Иной раз смотрю на цесаревича и мыслю: вот прикажи мне сейчас здесь за тебя умереть – не пожалею живота, хоть сам зарежусь. А уж коли скажет на кого – так, прости Господи, родного батьку не пощажу, самого амператора шашкой располовиню. Только скажи, Твое Высочество, всех поубиваю, никто не спасется…
– Шелихов!
– Я, Ваше Императорское Высочество!
– Вот что, братишка (слово-то какое подыскал – «братишка»!), вот что… Ты здесь как, уже обжился?
– Так точно, Ваше Императорское Высочество!
– А раз обжился – вот тебе письмецо, да снеси-ка его принцессе Виктории. И чтоб одна нога здесь, другая – уже там!
– Мигом, Ваше Императорское Высочество!
Всего-то и делов – верхом на буланого, вихрем пронестись по улице, распугивая городских и прочих казачьим посвистом, да в тот дворец, где вчера цесаревич с ихней немкой амуры разводил. Часовые было штыки сдвинули, но посля, как разобрались в атаманском мундире, позвали начальника караула, офицера. Тот давай чтой-то спрашивать, да ведь не разумею по-германски…
– Мне, вашбродь, до покоев принца Вильгельма надобно. Принц ваш, Виль-гельм! – Вот наказание! Как этим немтырям втолковать?
Однако офицер улыбнулся, дал знак пропустить. Теперь уже на своих двоих, бегом. О, вот она, принцесска-то. Собой не видна, тоща, только глазюки сверкают на пол-лица. Ловко, с полупоклоном письмо протянул, рядом стою. Прочла, аж засветилась вся. Говорит что-то. А, должно, обождать, просит, пока ответ будет. Постою…
Чего? Я, вашбродь, по-вашенски не разумею. И неча на меня кричать. От глотка лужена – орет и орет. Эка! Да он и по-нашему лаяться умеет! Ага! Щас я тебе и доложил: кем послан, к кому послан… Раз по-нашенски разумеешь, так и в мундирах понимать должон. А я что – спокойненько во фрунт встал и молчу себе, о своем думаю. Э-э! Что это он на принцесску цесаревича мово орать стал? Непорядок. Я осторожненько так плечиком принцесску-то загораживаю и всем своим видом показываю, что в случае чего и заступиться за нее могу. Ишь, разошелся, чирей тебе в горло, да что ж ты так надрываешься? Ушел… Видно, так разозлился, что аж побежал… Чего это мне в руку тычется? А, принцесска письмо ответное сует. И серебряную денежку.

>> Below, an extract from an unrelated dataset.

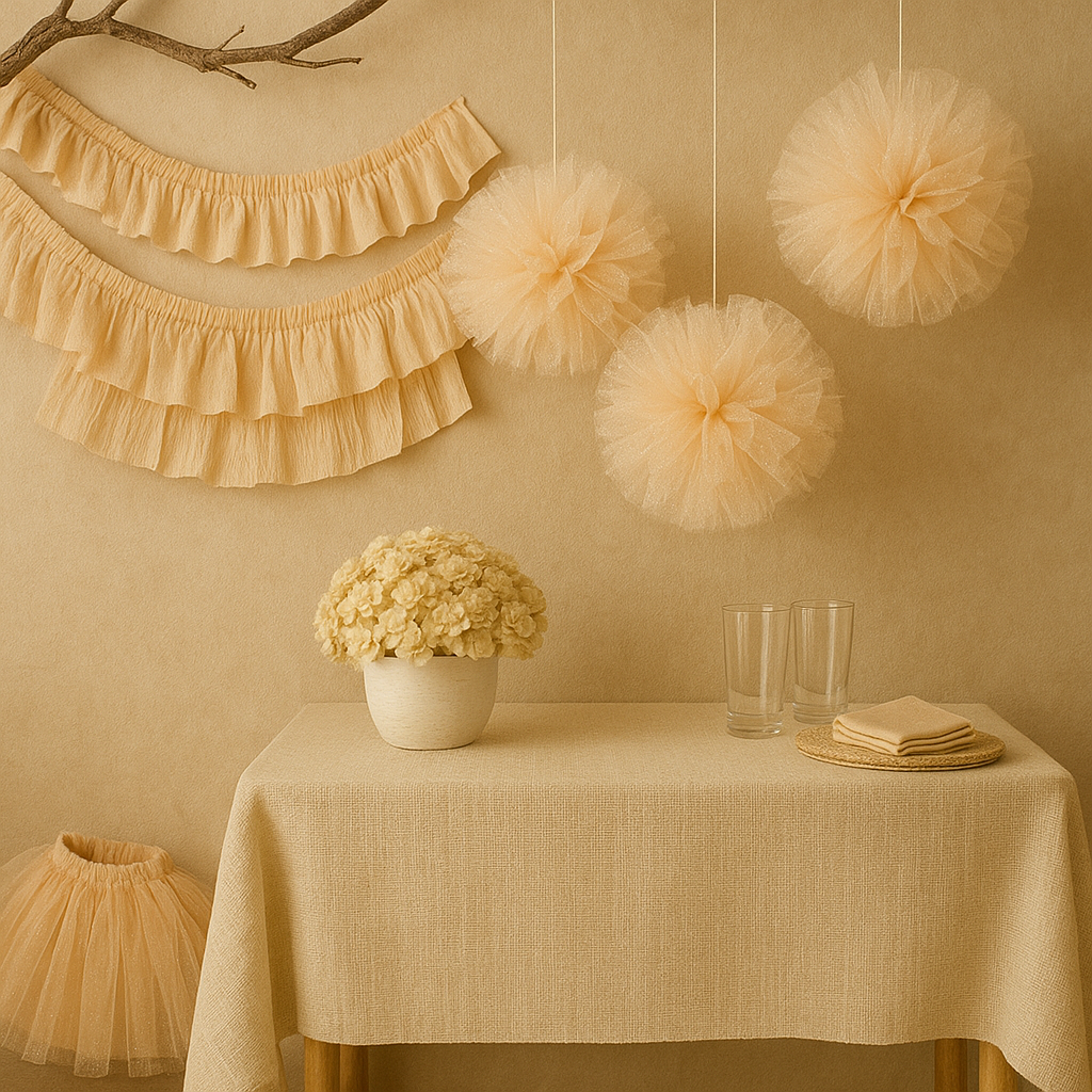 | Texturas naturalesEl papel crepé, el tul, el yute y las telas suaves reemplazan cada vez más al plástico, en línea con la preferencia por materiales amigables y estéticamente acogedores. Estas texturas permiten crear volúmenes, capas y efectos orgánicos que aportan movimiento sin perder delicadeza. |

Ну, вот этого нам не надобно, чай, не за подачки служим, а за отечество…
Глава 6. Рассказывает Олег Таругин
Следующая неделя прошла в постоянных встречах с Мореттой. Мы вместе гуляли по Берлину, вместе скакали по окрестным паркам, вместе любовались галереей, вместе слушали музыку… Я могу гордиться собой: за семь дней добиться яркой влюбленности этой германской принцессы, весьма избалованной вниманием противоположного пола, задача не из легких! Но вообще-то это была нечестная игра: у меня опыт взрослого мужчины конца ХХ века, плюс – не самое плохое знание истории. Я помню все, что читал о ее женихе, Баттенберге, и иногда сообщаю о нем гадости, правда, при этом обязательно добавляя, что не верю в них. Но это мелочи. Главное – на моей стороне перспектива занять трон крупнейшей европейской империи, и моя избранница не собирается упускать такую возможность.
Ко всему прочему, Моретта не перестает восхищаться преданностью моих людей. Сегодня с утра Шелихов отнес ей мое любовное письмо и быстро доставил ответ. Но не успел я его прочесть, как ко мне явился кузен Вилли вместе с очаровательным автором. Виктория-Моретта вся так и сияла.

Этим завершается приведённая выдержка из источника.